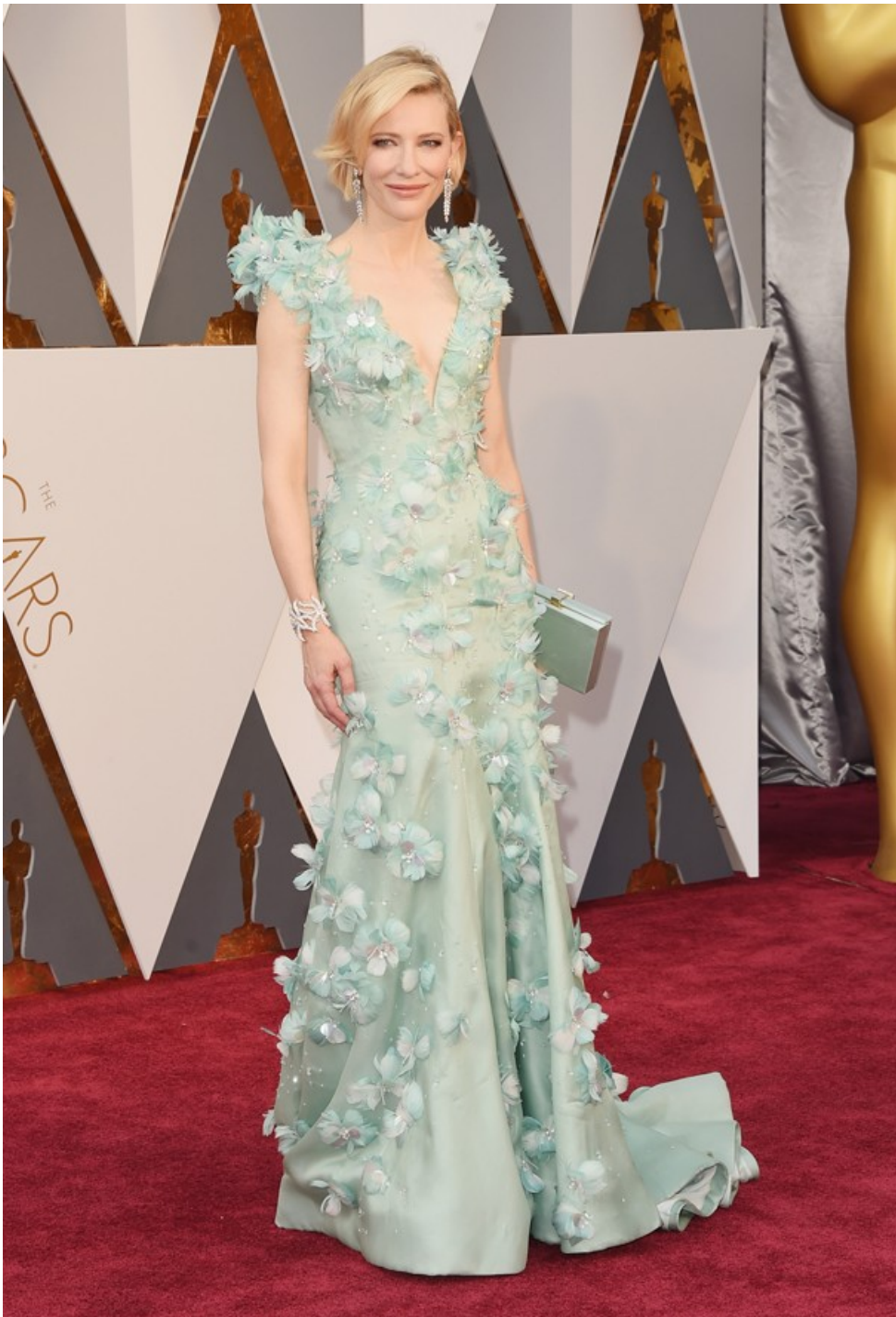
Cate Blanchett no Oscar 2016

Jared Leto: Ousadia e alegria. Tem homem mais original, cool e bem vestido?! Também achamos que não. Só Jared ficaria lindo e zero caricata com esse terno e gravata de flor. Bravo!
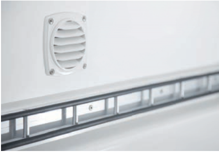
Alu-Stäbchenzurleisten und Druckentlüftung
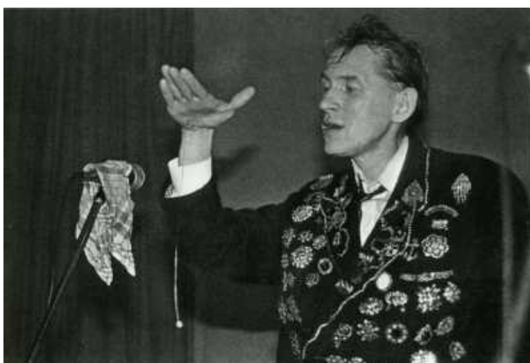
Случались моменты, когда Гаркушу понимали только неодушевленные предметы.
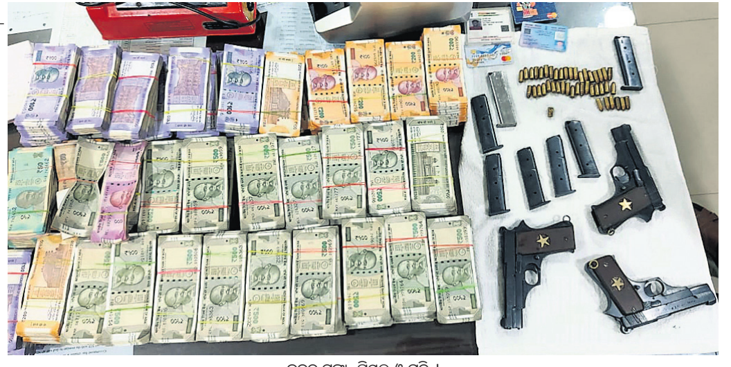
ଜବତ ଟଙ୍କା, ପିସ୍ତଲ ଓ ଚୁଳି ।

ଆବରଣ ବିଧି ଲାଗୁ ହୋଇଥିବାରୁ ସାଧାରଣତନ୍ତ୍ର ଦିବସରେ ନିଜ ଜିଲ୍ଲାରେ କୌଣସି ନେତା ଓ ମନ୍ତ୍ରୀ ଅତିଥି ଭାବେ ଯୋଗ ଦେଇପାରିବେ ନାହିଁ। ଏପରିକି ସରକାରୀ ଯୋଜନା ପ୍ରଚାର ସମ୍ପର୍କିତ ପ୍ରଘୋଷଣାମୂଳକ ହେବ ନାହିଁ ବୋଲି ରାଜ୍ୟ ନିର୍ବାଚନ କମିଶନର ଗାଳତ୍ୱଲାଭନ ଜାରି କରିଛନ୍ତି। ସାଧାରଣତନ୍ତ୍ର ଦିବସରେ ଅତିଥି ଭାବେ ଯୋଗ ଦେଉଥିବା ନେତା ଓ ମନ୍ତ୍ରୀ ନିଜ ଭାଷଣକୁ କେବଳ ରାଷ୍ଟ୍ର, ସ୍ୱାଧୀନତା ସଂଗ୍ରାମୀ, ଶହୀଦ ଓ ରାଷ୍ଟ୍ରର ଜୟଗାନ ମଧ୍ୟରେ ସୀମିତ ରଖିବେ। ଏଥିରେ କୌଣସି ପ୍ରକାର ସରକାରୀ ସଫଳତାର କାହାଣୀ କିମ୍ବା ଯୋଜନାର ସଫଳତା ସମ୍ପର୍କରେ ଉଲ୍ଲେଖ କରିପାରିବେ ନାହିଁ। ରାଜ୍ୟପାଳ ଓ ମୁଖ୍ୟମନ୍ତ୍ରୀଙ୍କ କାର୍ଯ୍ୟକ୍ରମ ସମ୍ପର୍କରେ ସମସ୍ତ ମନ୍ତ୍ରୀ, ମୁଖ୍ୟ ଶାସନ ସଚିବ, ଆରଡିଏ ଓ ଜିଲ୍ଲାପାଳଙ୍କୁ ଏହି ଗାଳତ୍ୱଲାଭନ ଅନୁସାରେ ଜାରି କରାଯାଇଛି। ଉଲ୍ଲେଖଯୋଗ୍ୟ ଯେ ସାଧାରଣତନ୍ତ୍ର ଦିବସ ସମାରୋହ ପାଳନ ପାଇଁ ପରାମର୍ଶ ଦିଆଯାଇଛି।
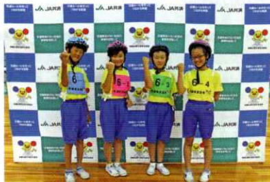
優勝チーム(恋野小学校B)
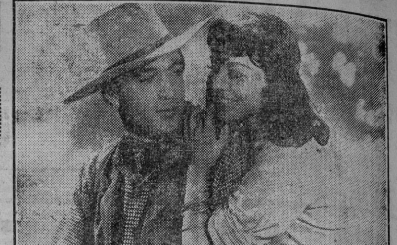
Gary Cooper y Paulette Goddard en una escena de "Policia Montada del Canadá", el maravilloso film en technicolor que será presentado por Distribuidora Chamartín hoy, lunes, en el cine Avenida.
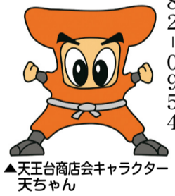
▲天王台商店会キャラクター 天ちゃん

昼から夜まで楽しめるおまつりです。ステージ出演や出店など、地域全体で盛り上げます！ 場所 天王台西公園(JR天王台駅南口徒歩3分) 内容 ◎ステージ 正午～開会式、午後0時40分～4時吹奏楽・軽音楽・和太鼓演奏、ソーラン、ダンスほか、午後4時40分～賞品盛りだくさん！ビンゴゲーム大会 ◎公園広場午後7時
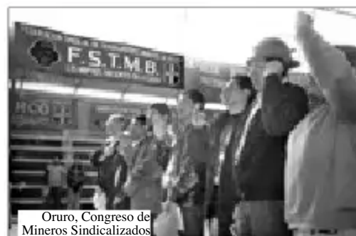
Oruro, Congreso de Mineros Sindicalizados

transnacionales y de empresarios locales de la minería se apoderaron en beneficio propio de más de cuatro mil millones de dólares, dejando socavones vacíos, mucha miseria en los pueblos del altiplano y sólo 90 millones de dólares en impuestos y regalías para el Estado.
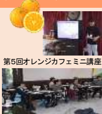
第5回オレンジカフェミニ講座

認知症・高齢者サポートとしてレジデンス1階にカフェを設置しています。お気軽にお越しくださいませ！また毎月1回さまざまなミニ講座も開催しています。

**Task goal**: Restate each entry verbatim and skip every image.

**Result of the exercise**:
Cate Blanchett no Oscar 2016

Jared Leto: Ousadia e alegria. Tem homem mais original, cool e bem vestido?! Também achamos que não. Só Jared ficaria lindo e zero caricata com esse terno e gravata de flor. Bravo!
Alu-Stäbchenzurleisten und Druckentlüftung
Случались моменты, когда Гаркушу понимали только неодушевленные предметы.
ଜବତ ଟଙ୍କା, ପିସ୍ତଲ ଓ ଚୁଳି ।

ଆବରଣ ବିଧି ଲାଗୁ ହୋଇଥିବାରୁ ସାଧାରଣତନ୍ତ୍ର ଦିବସରେ ନିଜ ଜିଲ୍ଲାରେ କୌଣସି ନେତା ଓ ମନ୍ତ୍ରୀ ଅତିଥି ଭାବେ ଯୋଗ ଦେଇପାରିବେ ନାହିଁ। ଏପରିକି ସରକାରୀ ଯୋଜନା ପ୍ରଚାର ସମ୍ପର୍କିତ ପ୍ରଘୋଷଣାମୂଳକ ହେବ ନାହିଁ ବୋଲି ରାଜ୍ୟ ନିର୍ବାଚନ କମିଶନର ଗାଳତ୍ୱଲାଭନ ଜାରି କରିଛନ୍ତି। ସାଧାରଣତନ୍ତ୍ର ଦିବସରେ ଅତିଥି ଭାବେ ଯୋଗ ଦେଉଥିବା ନେତା ଓ ମନ୍ତ୍ରୀ ନିଜ ଭାଷଣକୁ କେବଳ ରାଷ୍ଟ୍ର, ସ୍ୱାଧୀନତା ସଂଗ୍ରାମୀ, ଶହୀଦ ଓ ରାଷ୍ଟ୍ରର ଜୟଗାନ ମଧ୍ୟରେ ସୀମିତ ରଖିବେ। ଏଥିରେ କୌଣସି ପ୍ରକାର ସରକାରୀ ସଫଳତାର କାହାଣୀ କିମ୍ବା ଯୋଜନାର ସଫଳତା ସମ୍ପର୍କରେ ଉଲ୍ଲେଖ କରିପାରିବେ ନାହିଁ। ରାଜ୍ୟପାଳ ଓ ମୁଖ୍ୟମନ୍ତ୍ରୀଙ୍କ କାର୍ଯ୍ୟକ୍ରମ ସମ୍ପର୍କରେ ସମସ୍ତ ମନ୍ତ୍ରୀ, ମୁଖ୍ୟ ଶାସନ ସଚିବ, ଆରଡିଏ ଓ ଜିଲ୍ଲାପାଳଙ୍କୁ ଏହି ଗାଳତ୍ୱଲାଭନ ଅନୁସାରେ ଜାରି କରାଯାଇଛି। ଉଲ୍ଲେଖଯୋଗ୍ୟ ଯେ ସାଧାରଣତନ୍ତ୍ର ଦିବସ ସମାରୋହ ପାଳନ ପାଇଁ ପରାମର୍ଶ ଦିଆଯାଇଛି।
優勝チーム(恋野小学校B)
Gary Cooper y Paulette Goddard en una escena de "Policia Montada del Canadá", el maravilloso film en technicolor que será presentado por Distribuidora Chamartín hoy, lunes, en el cine Avenida.
▲天王台商店会キャラクター 天ちゃん

昼から夜まで楽しめるおまつりです。ステージ出演や出店など、地域全体で盛り上げます！ 場所 天王台西公園(JR天王台駅南口徒歩3分) 内容 ◎ステージ 正午～開会式、午後0時40分～4時吹奏楽・軽音楽・和太鼓演奏、ソーラン、ダンスほか、午後4時40分～賞品盛りだくさん！ビンゴゲーム大会 ◎公園広場午後7時
Oruro, Congreso de Mineros Sindicalizados

transnacionales y de empresarios locales de la minería se apoderaron en beneficio propio de más de cuatro mil millones de dólares, dejando socavones vacíos, mucha miseria en los pueblos del altiplano y sólo 90 millones de dólares en impuestos y regalías para el Estado.
第5回オレンジカフェミニ講座

認知症・高齢者サポートとしてレジデンス1階にカフェを設置しています。お気軽にお越しくださいませ！また毎月1回さまざまなミニ講座も開催しています。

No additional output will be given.